Читаем без скачивания Савва Морозов: Смерть во спасение - Аркадий Савеличев
Шрифт:
Интервал:
Закладка:
Так‑то оно так, но Карповы, как и другие родичи, — всего лишь приживальщики у Морозовых. Сможет он‑то, Савва Тимофеевич, жить в приживальщиках?
Даже с ненавистью глянул на ревущую Зинаиду. А она уж на диван, скрючившись грузным телом, бессловесно завалилась.
— Зинаида? Зинуля?!
В голосе его было столько крика, что она сползла с дивана и встала перед ним на колени:
— Пойми и прости отца. Как Христос‑то прощал.
— Не гожусь я в святоши, как дядюшка Елисей!
Да, старший сын Саввы Васильевича, передав дела сыну Викуле, старость свою на Рогожском кладбище при старообрядческой церкви начетчиком кончил. Там же и похоронен с почетом. Но не рановато ли Савве Тимофеевичу такие почести?
— Дура ты, дура. не в свои дела лезешь!
Она бухнулась на пол, уже и слова выговорить не могла. Он тормошил ее, она вся дрожала, задыхалась. Чуть погодя только и смогла:
— Лезет из меня, кажись, мертвущий.
Савва опомнился. Поднял ее, уложил на диван, целовал в беспамятстве губы, руки, живот, готовый вот-вот лопнуть. Крик его расколол тишину дома:
— Дани-илка!..
Данилка тут же прибежал.
— Доктора! Базилевича!
Данилка умчался быстрее своего рысака. В доброе время и пешком недалеко — фабричный врач в казенном доме на Англичанской улице. За хозяевами он присматривал, конечно, лучше, чем за фабричными. Тоже впереди рысака примчался. Копошившуюся возле хозяина горничную турнул на кухню:
— Воды! Теплой!
Савва в ознобе трясся возле него, держа руки Зинаиды в своих ладонях:
— Спасите, Александр Павлович! Богом молю!
Базилевич был свой человек в доме, всю подноготную семейной жизни знал.
— Да вы‑то хоть, Савва Тимофеевич, не кричите! Тоже рожаете? Сейчас пошлем за моей женой, как раз за акушерку и будет.
Супруга доктора Базилевича была лучшей подругой Зинаиды, не дожидаясь Данилки, вслед за мужем прилетела, свои порядки наводя:
— На кровать ее! Сейчас, Зинушка, мы тебя уложим как след быть, мы тебе помо-ожем.

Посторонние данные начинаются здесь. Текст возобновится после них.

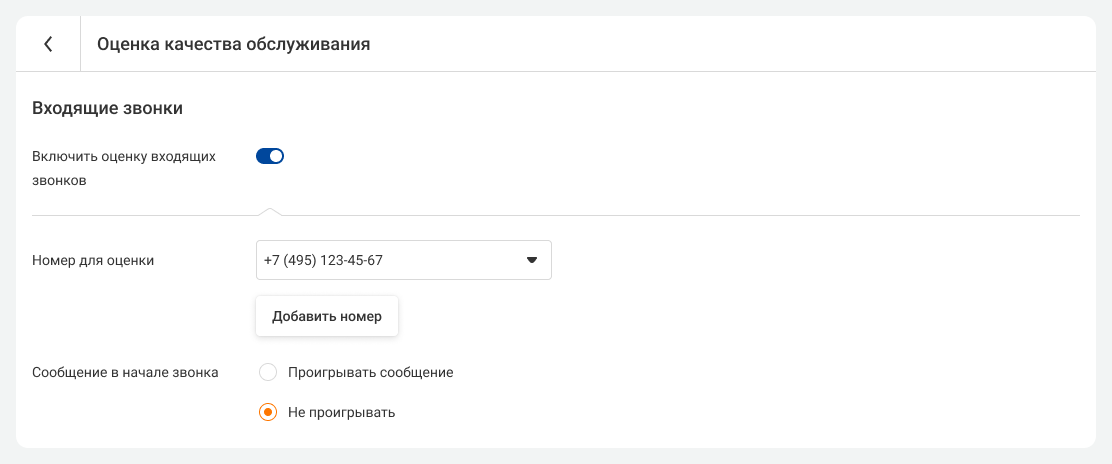 2. Включите оценку входящих звонков. В появившемся поле укажите номера АТС или номерные группы, на которые будут поступать вызовы, подлежащие оценке. Система будет автоматически предлагать клиентам оценить разговор после завершения беседы.
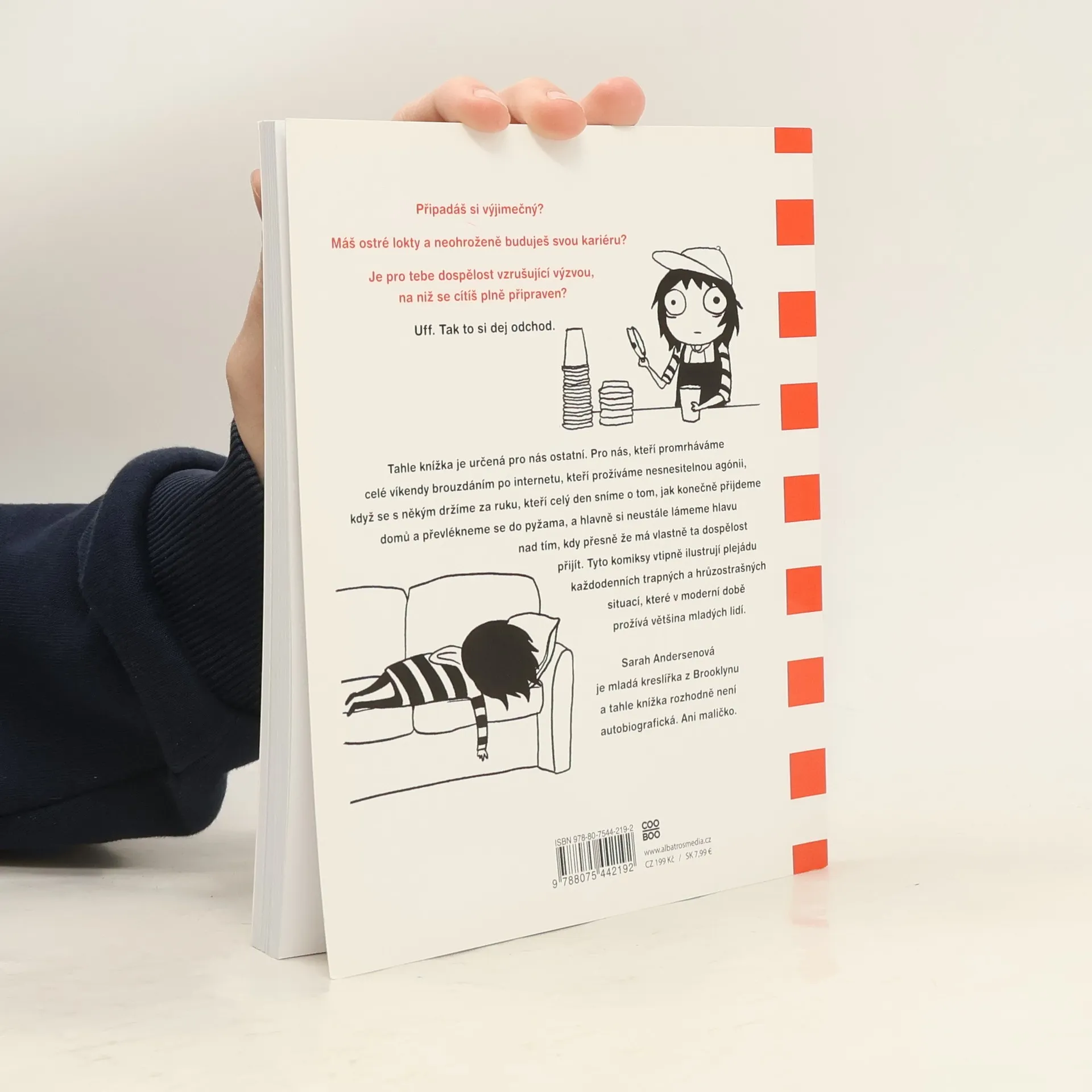 Tenhle komiks je pro všechny, kdo dokážou proflákat celé víkendy na internetu, pro které je držení se za ruce na ulici s naprosto úchvatným klukem nesnesitelná agónie, pro všechny, kdo sní o tom, že celý den zůstanou doma a budou se válet v pyžamu. A pro všechny, kdo přemýšlejí, kdy přesně vlastně ta dospělost začíná. Jinými slovy pro nás, kteří prožíváme hrůzy a trapnosti dnešního mladého života. Připadáš si výjimečný? Máš ostré lokty a neohroženě buduješ svou kariéru? Je pro tebe dospělost vzrušující výzvou, na niž se cítíš plně připravený? Uff. Tak to si dej odchod. Tahle knížka je určená pro nás ostatní, Pro nás, kteří promrháváme celé víkendy brouzdáním po internetu, kteří prožíváme nesnesitelnou agónii, když se s někým držíme za ruku, kteří celý den sníme o tom, jak konečně přijdeme domů a převlékneme se do pyžama, a hlavně si neustále lámeme hlavu nad tím, kdy přesně že má vlastně dospělost přijít. Tyto komiksy vtipně ilustrují plejádu každodenních trapných a hrůzostrašných situací, které v moderní době prožívá většina mladých lidí. Sarah Andersenová je mladá kreslířka z Brooklynu a tahle knížka rozhodně není autobiografická. Ani maličko.
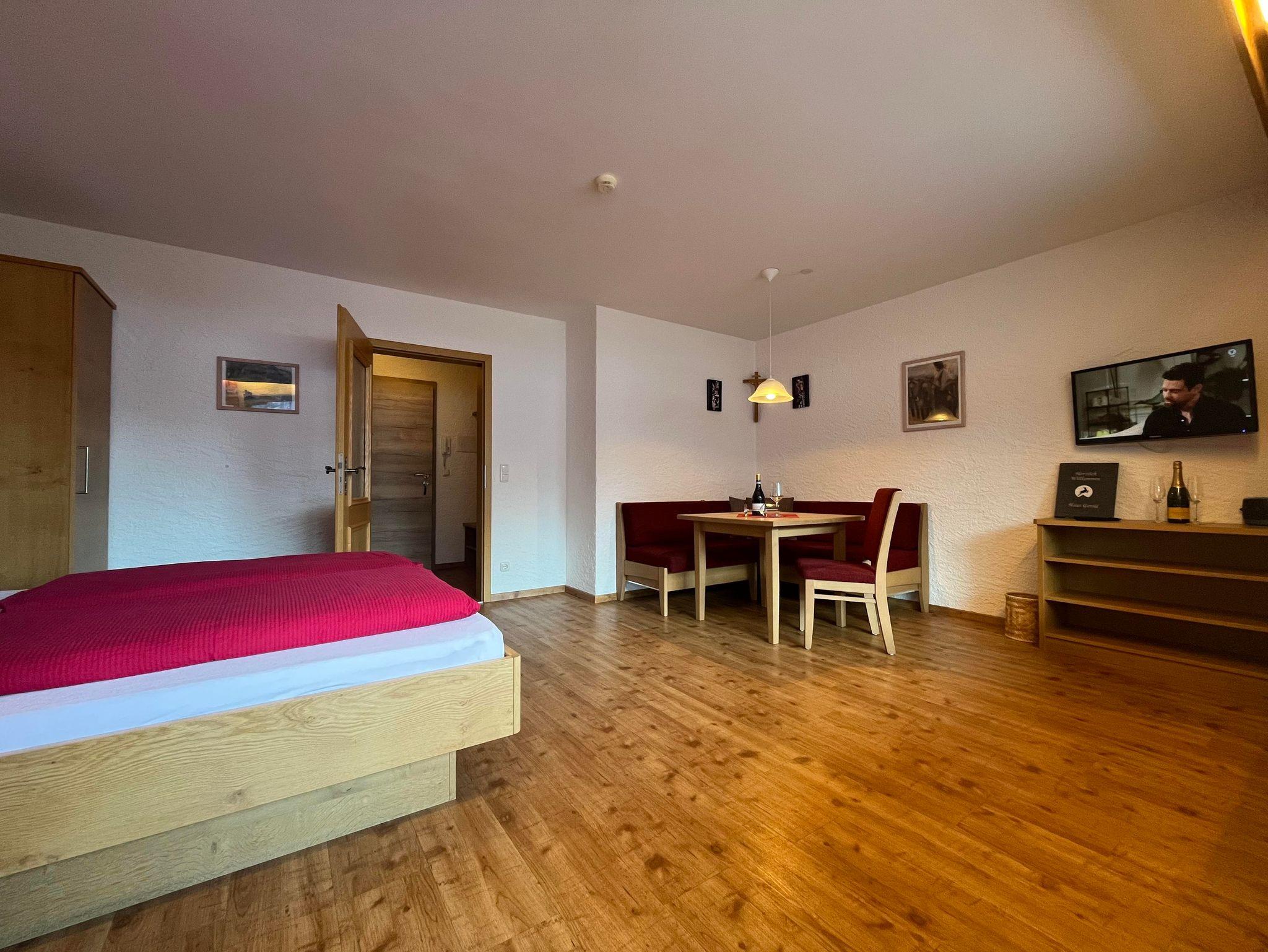 Alles neu renoviert ! Geeignet für 2-3 Personen (3 Person in Zustellbett). Lage: Südseitig, Hausmitte m.grossem überdachtem Balkon, grosses Wohn-/Schlafzimmer mit Doppelbett, Eckbank mit Tisch, komplette Küche mit Dunstabzug, Spülmasch. und Kühlschrank mit Gefriermöglichkeit, Bad-Dusche u. WC. Radio und Flachbildschirm-Sat-TV. Kinderbett auf Anfrage. Gesamt ca. 37 qm.
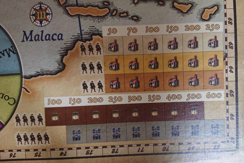 - 建築(BUILDINGS) お金を払い工場・造船所・教会を建築することが出来ます。左側から買っていきます、値段は下の写真の通りです。ただし、それぞれ3人・4人・5人の労働者が必要です。工場・造船所・教会の数は有限です。
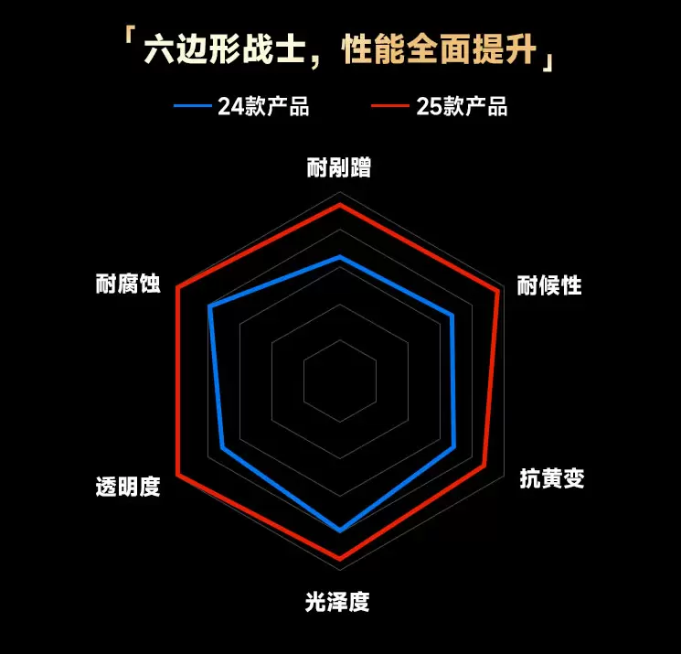 膜小二车衣运用独有的专利技术,升级涂层工艺,实现涂层与基膜分子级融合,极大提升膜面致密性。车辆的光泽度因此大幅提高。就基础款而言,涂层厚度增加20%,光泽度稳定在143.5(行业平均在140以下)。同时,搭载倍涂睿技术的车衣,抗黄变等级提升至5级,即便车辆长期处于复杂环境,也能有效抵御老化泛黄,长久维持亮丽外观。
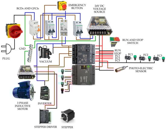 The design of the electronic and control circuit ensures reliable and precise performance, allowing the machine to meet the established operational and safety requirements. Figure 7 shows a diagram of power and control circuit connections.
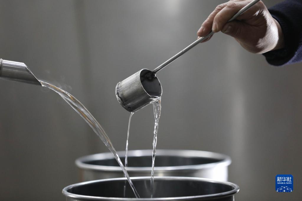 12月16日,工人在寶豐縣邢莊村一釀酒車間查看白酒品質(zhì)。
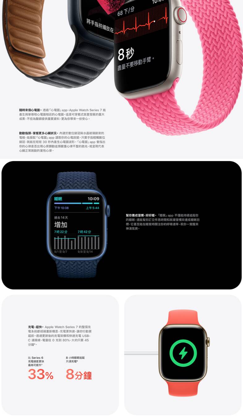 Apple Watch S7 45mm LTE版 鋁金屬 睡眠監測 心率感測器
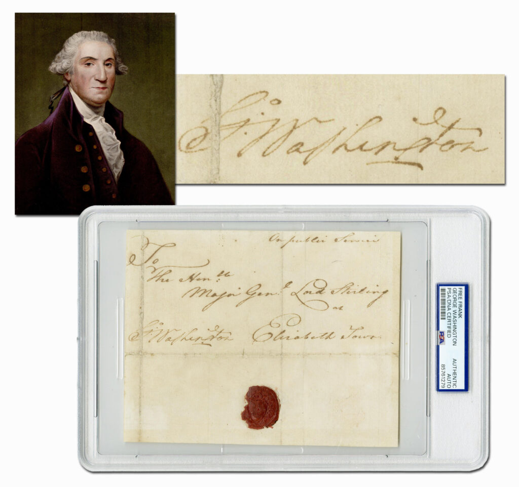 Lot 143 was a George Washington free frank signature on a transmittal cover also bearing his personal red wax seal: the Washington coat of arms encircled within a wreath border. Written from Elizabeth, New Jersey, ca. 1778-1780, the cover was addressed to William Alexander, Lord Stirling, one of Washington’s most trusted generals in the Continental Army, and whom Washington had appointed as interim leader during the second Middlebrook encampment. The Washington free franked cover was PSA/DNA certified and encapsulated, selling for 30% over the high estimate, or $16,250 including the tip.
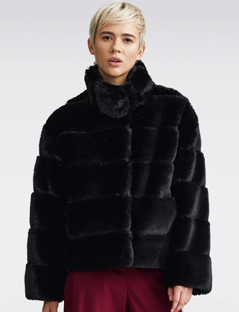 Veste Courte À Col Haut Matelassée en Fausse Fourrure Douce Vegan Par NVLT

Но прежде чем ее унесли в спальню, Зинаида еще нашла в себе силы повторить:
— Христом Богом.
Он склонился над ней:
— Только ради тебя. тебя ради!.. Успокойся, моя родная!
Не менее хлесткий крик разорвал потолки дома:
— Дани-илка!..
— Да тута я, тута, — вышел тот из темного угла. — В Усады, Савва Тимофеевич?
— В Усады. Как ты догадался?
Данилка о таких пустяках не докладывал. Впереди хозяина побежал вниз, чтобы снять попону с запотевшего рысака и отцепить с его морды торбу с пшеничкой. Овсом хозяйского любимца, само собой, не кормили.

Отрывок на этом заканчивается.